• _What this task involves_
For this task, copy all of the data below exactly and skip the pictures.

• _Exercise data_
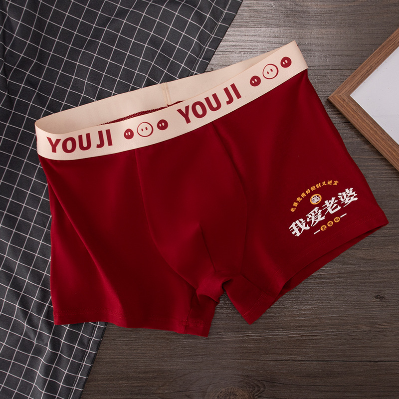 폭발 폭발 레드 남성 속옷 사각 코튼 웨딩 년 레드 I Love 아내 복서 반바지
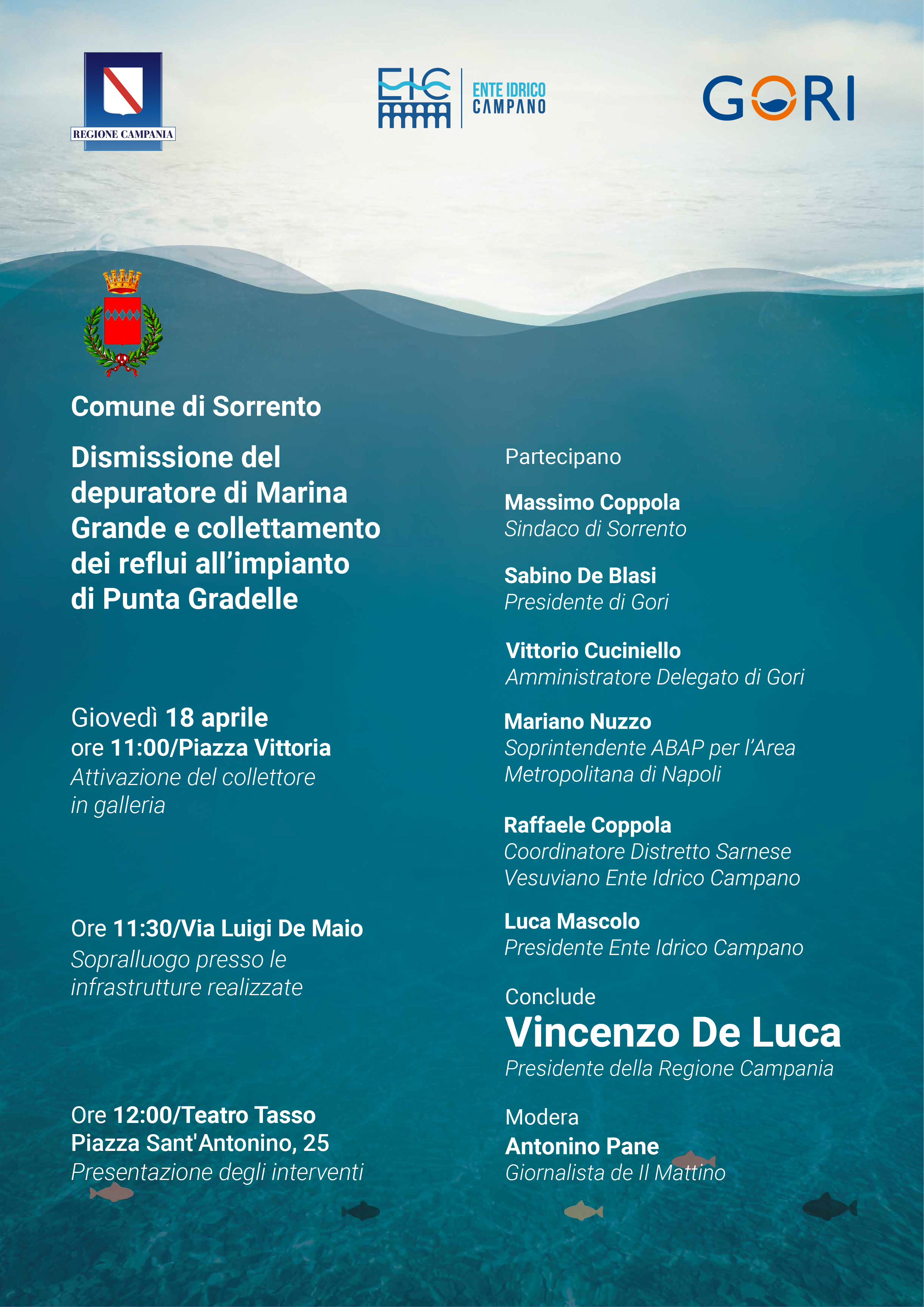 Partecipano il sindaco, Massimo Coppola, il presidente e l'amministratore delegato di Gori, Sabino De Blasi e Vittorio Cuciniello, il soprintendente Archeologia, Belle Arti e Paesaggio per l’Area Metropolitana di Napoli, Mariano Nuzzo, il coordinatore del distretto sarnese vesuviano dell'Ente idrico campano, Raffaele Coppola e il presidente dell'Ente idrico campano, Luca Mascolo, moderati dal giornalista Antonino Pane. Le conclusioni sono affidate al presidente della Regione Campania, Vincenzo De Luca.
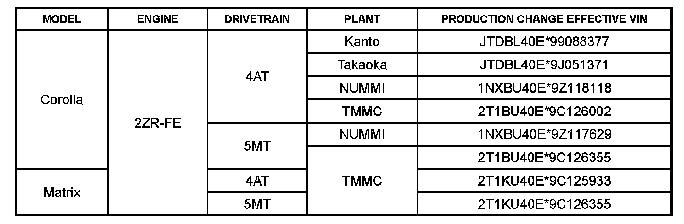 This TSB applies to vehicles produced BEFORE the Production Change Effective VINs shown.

• _Task result_
 폭발 폭발 레드 남성 속옷 사각 코튼 웨딩 년 레드 I Love 아내 복서 반바지
 Partecipano il sindaco, Massimo Coppola, il presidente e l'amministratore delegato di Gori, Sabino De Blasi e Vittorio Cuciniello, il soprintendente Archeologia, Belle Arti e Paesaggio per l’Area Metropolitana di Napoli, Mariano Nuzzo, il coordinatore del distretto sarnese vesuviano dell'Ente idrico campano, Raffaele Coppola e il presidente dell'Ente idrico campano, Luca Mascolo, moderati dal giornalista Antonino Pane. Le conclusioni sono affidate al presidente della Regione Campania, Vincenzo De Luca.
 This TSB applies to vehicles produced BEFORE the Production Change Effective VINs shown.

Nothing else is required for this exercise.